Magnaload was a joint venture set up between the Teesside-based shipping firm of Peckston and Dutch heavy haulier Mammoet. The company traded for only about four years (1976-80) and while it was created primarily to service the load-out requirements of the booming UK oil industry, it turned its hand to all manner of huge road moves.

Perhaps none was more impressive – or testing – than these 220 tons of vacuum distillation column moved into Milford Haven refinery in 1977. The transporting barge had to be beached nearby. The load is pictured going round the side of the local golf course. Jimmy Parsley is believed to be the steersman of the Scheuerle trailer, which is rigged at four files wide.

Magnaload had only a small number of staff and it’s believed that Paul Collie, Dave Ruffles and Eric Pinchin were also involved in the move.

Heavyweight men

During June 2011 JB Rawcliffe moved what would be its heaviest-ever loads, which took six months of planning.

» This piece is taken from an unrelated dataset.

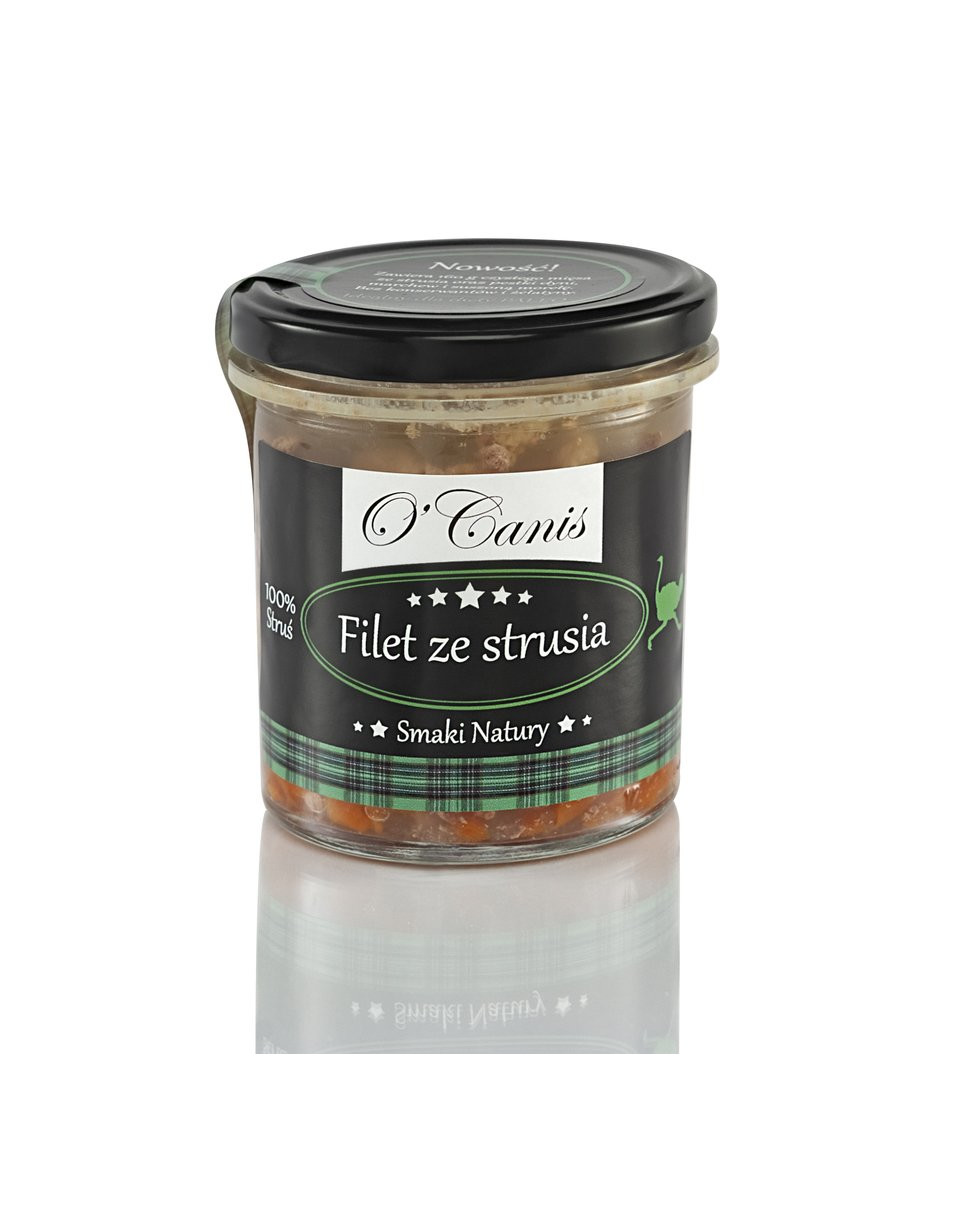 Doplnkové jedlo pre psa v pohári. Obsahuje nakrájané pštrosie mäso na prírodnom vývare (vývar), tekvicové semienka, mrkvu a sušenú marhuľu. Žiadne konzervačné látky ani želatína. Uchovávajte pri teplote do 20 ° C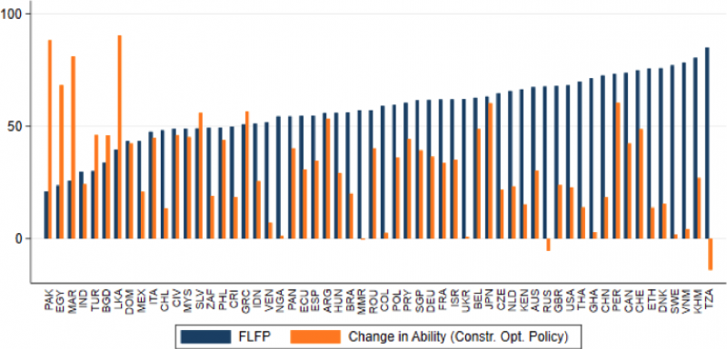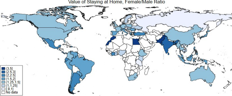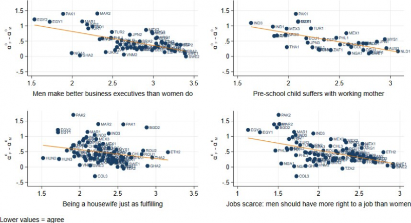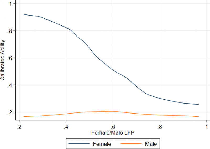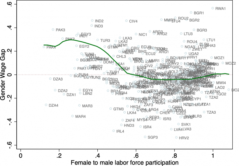 This method gives us a relationship that links salary in the MNE to the cost of working outside the home. Both variables have a component which is common to all people of the same gender in the same country, for instance: country-specific social norms about gender, and a component that is specific to the individual: their own talent and preferences. Because we have individual-level data on salary (from anonymised personnel data of thousands of employees of the same gender in the same country), we can separate the common component of salary from the reward to individual-specific performance. Likewise, because we have data on LFP across all countries, we can separate the common component of the cost to women working outside the home from the individual specific preferences.

Company director Stuart Rawcliffe says the two mill housings – each weighing 305 tonnes – were made by Sheffield Forgemasters International for a customer in Venezuela. The job was carried out on schedule and without incident. The shipping route was from the Port of Goole by barge to Duisburg in Germany where they were transferred to a deep water ship. Getting the castings to Goole took 10 hours because JB Rawcliffe was obliged to move them through the night to keep traffic disruption to a minimum, as the route involved a complex amount of contraflow movement while using the motorway network. At just over 40ft (12.19m) long, 15ft (4.57m) wide and 7ft (2.13m) high, each of the castings was a particularly concentrated mass with all-up weight of the full outfit about 450 tonnes. Rawcliffe used 20 rows of Nicolas axles, specially designed spreader mats and two MAN 8x4 ballast tractor 250-tonners for the job. The two MAN drivers were Martin Bradshaw and Chris McGarrie, while Michael Sharrock was the banksman with Jason Wright as escort.